I did know, but I was ashamed to say. I was jealous. I felt bad, though. And not just because I got caught but mostly because I got caught. Before she could cross-examine me any further, Suzanne rescued me.
She started crying wildly. One second, she’s talking with us, graciously accepting compliments on her poncho of many colors and the next she’s bawling, heaving sobs, couldn’t catch her breath. It was difficult to make out the exact nature of her grievance through the blubbering, but the central theme was that she wanted her mommy.
This affliction seemed to be contagious because just as the cheese box pulled up, a different girl staged an identical protest. I understood their trepidation, I guess, but what could be done at this point? The bus was there.

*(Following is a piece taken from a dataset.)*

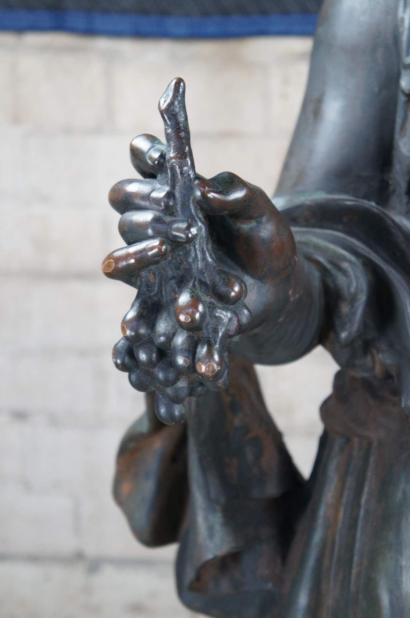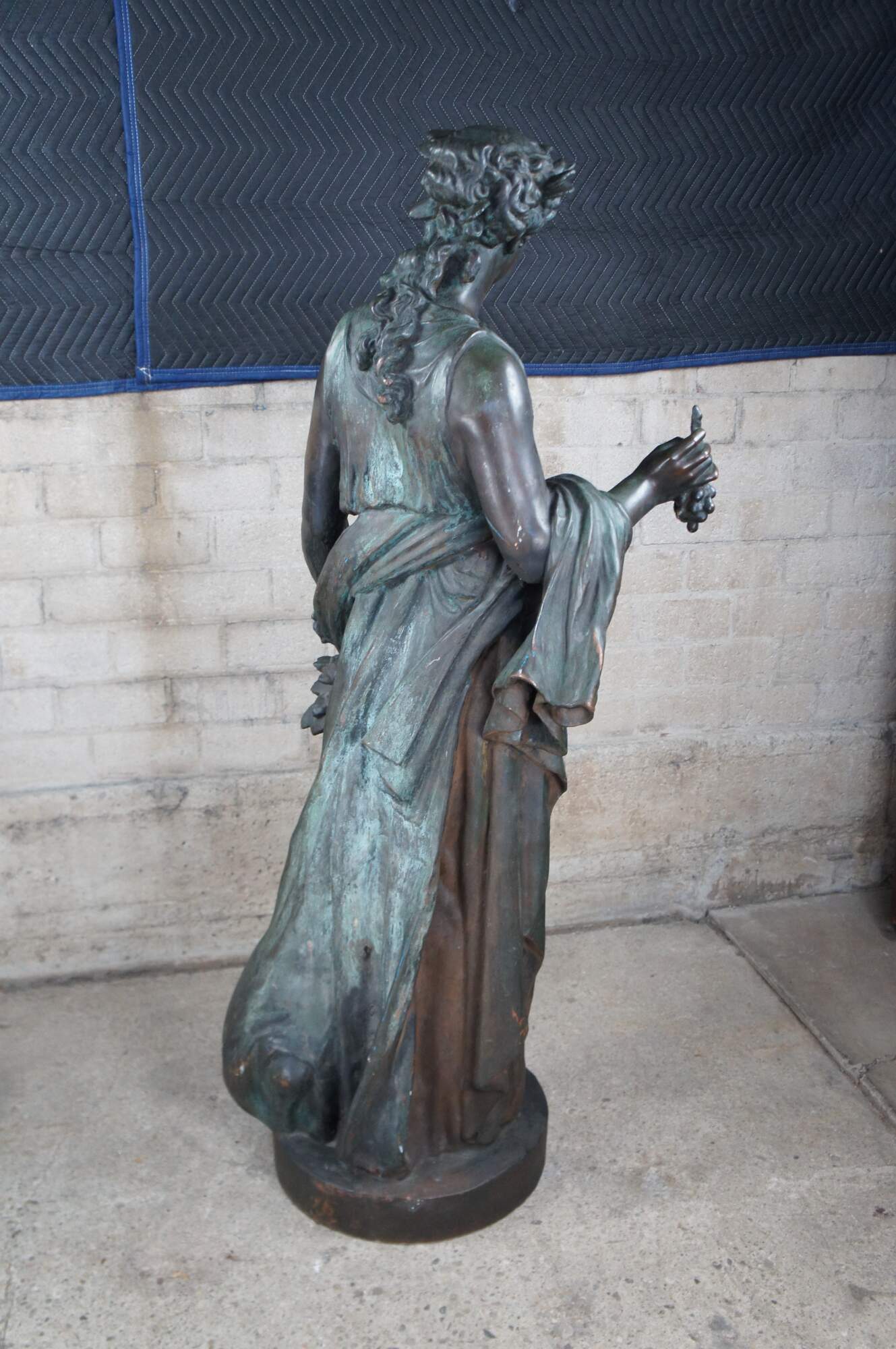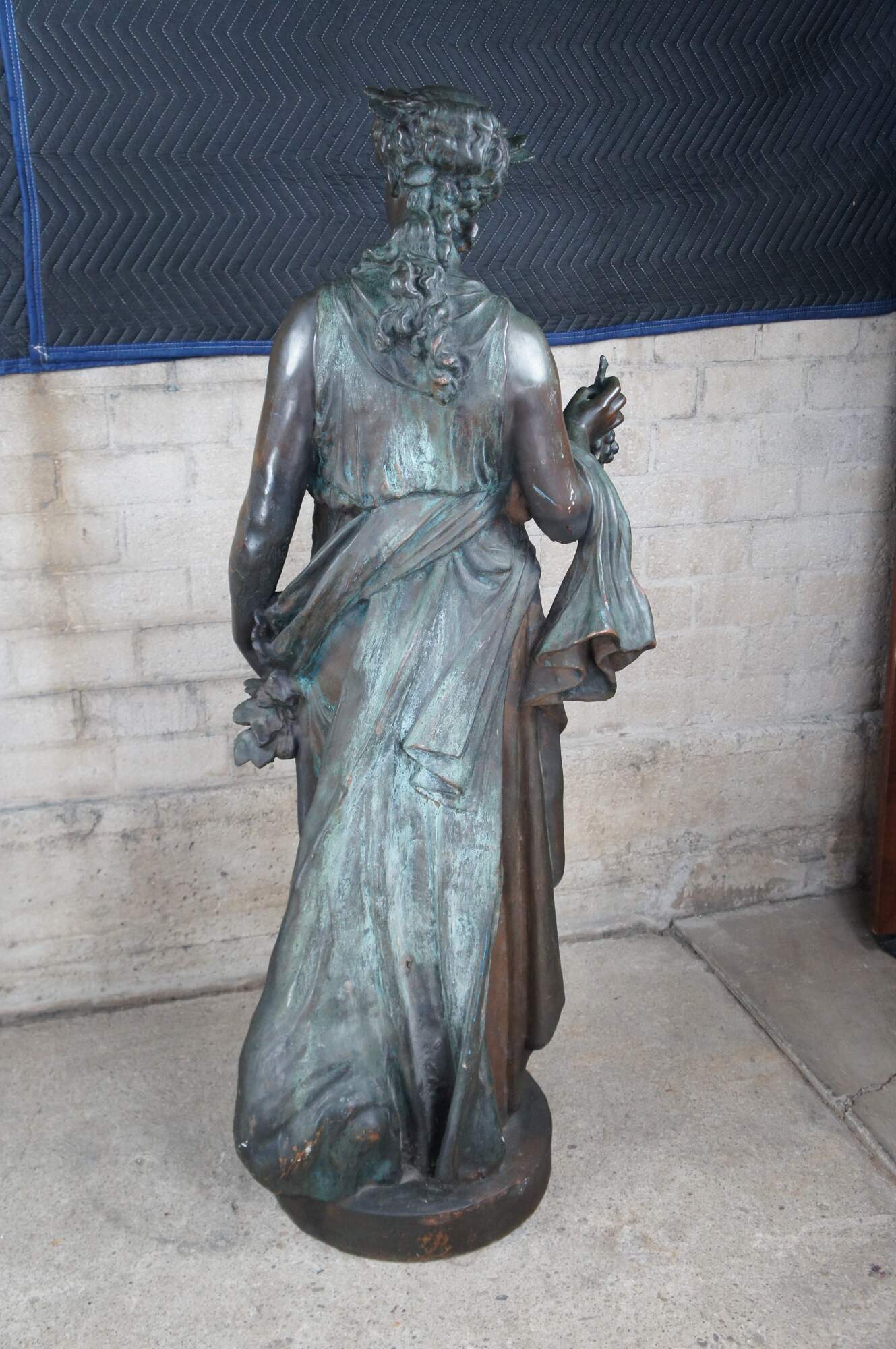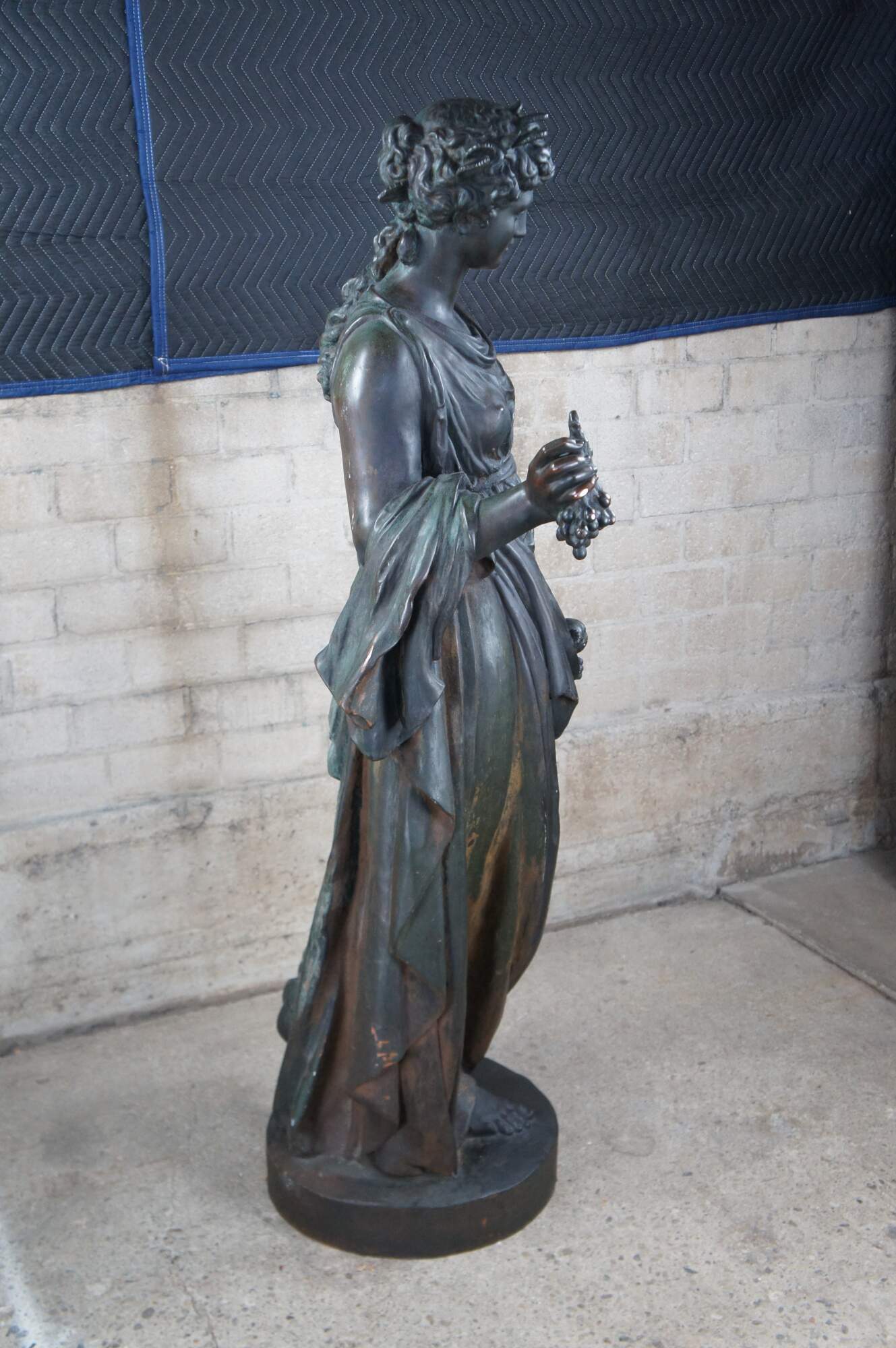 A rare and Impressive solid bronze sculpture of Demeter, The Goddess of Harvest, Circa late 18 to early 19th Century. She's is shown standing with tunic, grapes in one hand and a wreath with fruit in the other. Cast in a dark bronze with green verdigris patina.

Neither Suzanne nor the other girl could be coaxed aboard. Their moms comforted them, then patiently led them home. Ooh, I gotta remember this: Cry. Go home. As undignified and disturbing as these displays were, it was good to know should the need arise, I could escape by pulling a nutty. It’s too bad about Suzanne—though I must say, I’m grateful that the tantrum distracted from my vandalism.
The bus arrived. The door opened. To my astonishment the driver was nowhere near the door! She sat on a chair high atop a staircase. What is this sorcery? And why am I the only one gasping with delight? This was so excellent! Okay. I get it. No witchcraft. There was a handle that she pulled connected to an arm that collapsed and uncollapsed the door. At some point I must either be allowed to open that door over and over or become a school bus driver. Bus driver instantly outranked being the guy who takes change from people driving over the bridge in my list of things I wanted to be when I grew up. Only telling jokes on television outranked it.
The bus driver was a perfectly delightful woman named Ellie. “Hi, Ellie!” is something I can’t remember not saying, but I don’t remember learning her name. I just knew it. She had dark straight hair down to her shoulders and big glasses. She wore an oversized navy-blue windbreaker. I could tell she liked us. I liked her.
The ride was fun. The first ride I could remember taking where either Auntie Judy or my mom or dad wasn’t driving. We drove around picking up other kindergarteners around the area. A lot of excellent lunch boxes and a lot of laughing and yelling. It was loud, but Ellie maintained her poise at every stop, greeting the tots with her warm smile. I waved at some people in cars and a few of them waved back! Sometimes, there was a commotion. It seemed wanting your mommy was endemic to the community, not just a Rutledge Road phenomenon.